I'd love to say our place is better, but based on this - it's much worse.
So I take up this job as sysadmin and sure enough on 1st Jan 2007 complaints start rolling in saying "we can't view our stats for today", sure enough there is no '2007' in the date drop down.
Report it to dev and they produce a release to fix it... problem sorted (or so I thought)
1st Jan 2008 comes, and low and behold the same complaints keep rolling in - I check the bug report I filed and yes it says that the date drop downs are now dynamic. Restart the application and sure enough 2008 appears.
Turns out their idea of 'dynamic' isn't the same as mine. They didn't want to generate the drop down every time the page was rendered because that would be wasting CPU cycles.
...roll on 2009
Admin
Admin
Speaking of attribution, if that statement gets deleted, we can add it back in giving TDWTF as the source now!
I pity da fool.
Admin
The real WTF is that the support staff didn't write a script to automatically reboot the server at the stroke of midnight January 1 of each year. Of course, it would be best if it were a service that polled every 30 seconds or so instead of a cron job.
Admin
Admin
I'd just go with the Monte Carlo approach...
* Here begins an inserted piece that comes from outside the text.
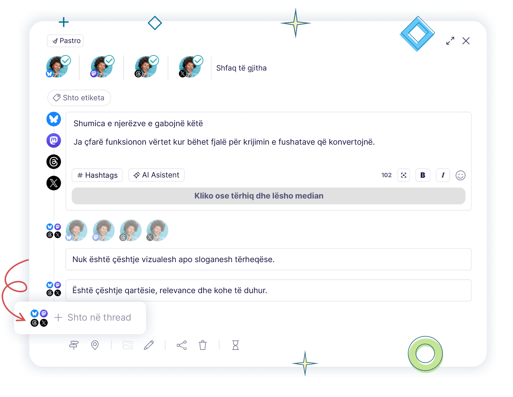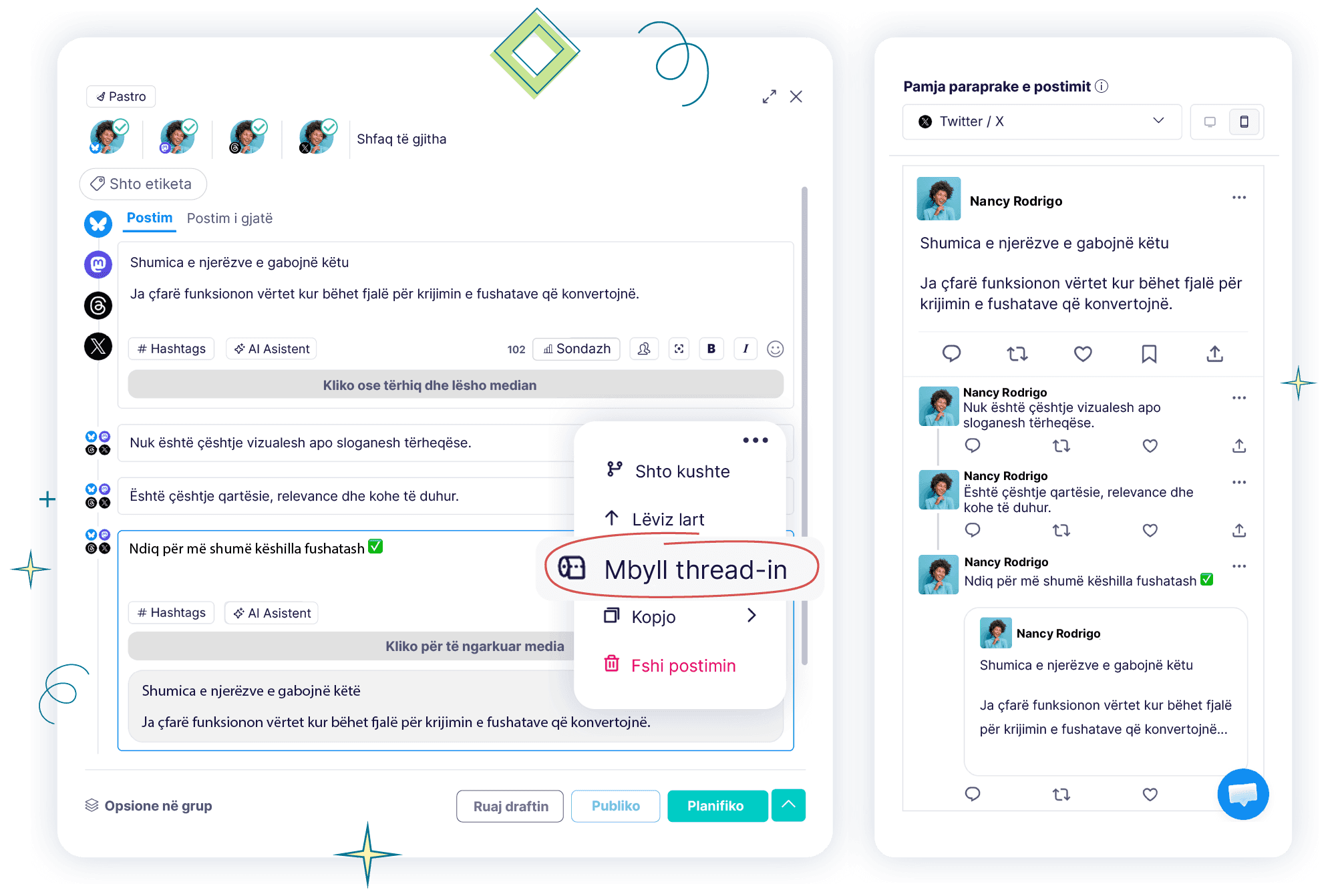 Shkruaji dhe planifikoji postimet e ndara në X/Twitter, Threads, Mastodon dhe Bluesky.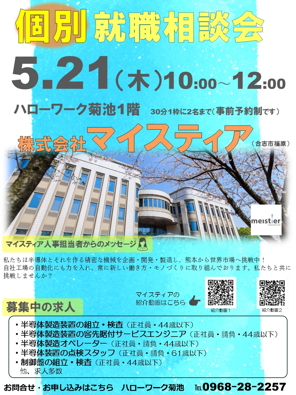 5月21日(木)株式会社マイスティア 個別就職相談会

That way we save a precious assignment and ensure we refresh the cache once in a while (if the value changed). I think you all forgot the original idea and lost perspective here: we need to cache so that fetching is faster...
Amateurs.
Admin
I like to cache my whole database on startup, that way I don't have any lookups :)
Admin
The Answer is simple. Because of Chuck Norris!!!
Admin
I pity the fools who continue such jibba-jabba.
Mr T
Admin
Admin
I programmed mostly in Java for over 10 years. 95% of my date-related headaches were caused by morons who wrote their own Date/Time wrapper classes, not by the Java APIs. Just sayin'...
Admin
How long until Clock Girl replaces Irish Girl in our fickle hearts and minds?
Admin
Admin
That, I think, leaves you with 95% of room for headaches caused by the Java API and/or dingbat excursions like J2EE, whatever flavour of RPC is current this month, etc, etc.
Never mind. If you still suffer from date-related problems, I'd suggest choccies and a nice bunch of long-stemmed roses. It won't make your problems go away, but, hey, at least it's not Java.
Admin
Dates are anything BUT simple - you don't even have to go into Jewish or Buddhist calendars: timezones, leap years and daylight savings time introduce enough complexity that rolling your own date/time routines is almost guaranteed to result in bugs.
Admin
Fools. Suckas! You're making Mr T's head explode with that jibba-jabba. And I pity the fool who makes my head explode.
Mr T
Admin
Why? Because an unsuspecting user might not realize that new Date().getYear() gets a Gregorian year, and because Date did not properly handle dates before 1583.
Yes, really. One of the reasons you can't get a year from a Date object is because it would return invalid values on certain dates before 1583.
Admin
Well, it's a bit lame, but we haven't seen one of those for a while. I was going for "Please give me teh bytez," or else "All your byte are belong to us..."
Then I realised that I'm replying to the wrong thread.
Silly me.
Admin
... hmmm.
Excuse me?
If all you've got (which thanks to Unix's brain-dead interpretation of the Multics ideal is all we've got) is "milliseconds since 1970," exactly how do you propose to represent, say, 12:30 PM on January 1st, 1583? Please show us teh Java codez.
Admin
When you're designing something as fundamental as your runtime library's basic "date" object, you've got to think through the use cases. 99+% of the time, people just want to know about seconds/minutes/hours/days/weeks/months/years relative to the current time, on the current computer, using the current locale settings. Java seems to have designed to the <1% fringe cases, and they pay for it in abominations like this one.
There's a reason people keep bringing up DateTime.Now.Year, and it's because you can look at it with 10 minutes of programming experience and know what it's saying. You should not need to add a comment to explain something as simple as retrieving the current year.
Admin
Admin
The reason being, of course, that you can call setTime() on a Calendar instance so that you can use it on some other date values. If all getInstance() does is to return a cached value, your multi-threaded app would start to fail in mysterious ways.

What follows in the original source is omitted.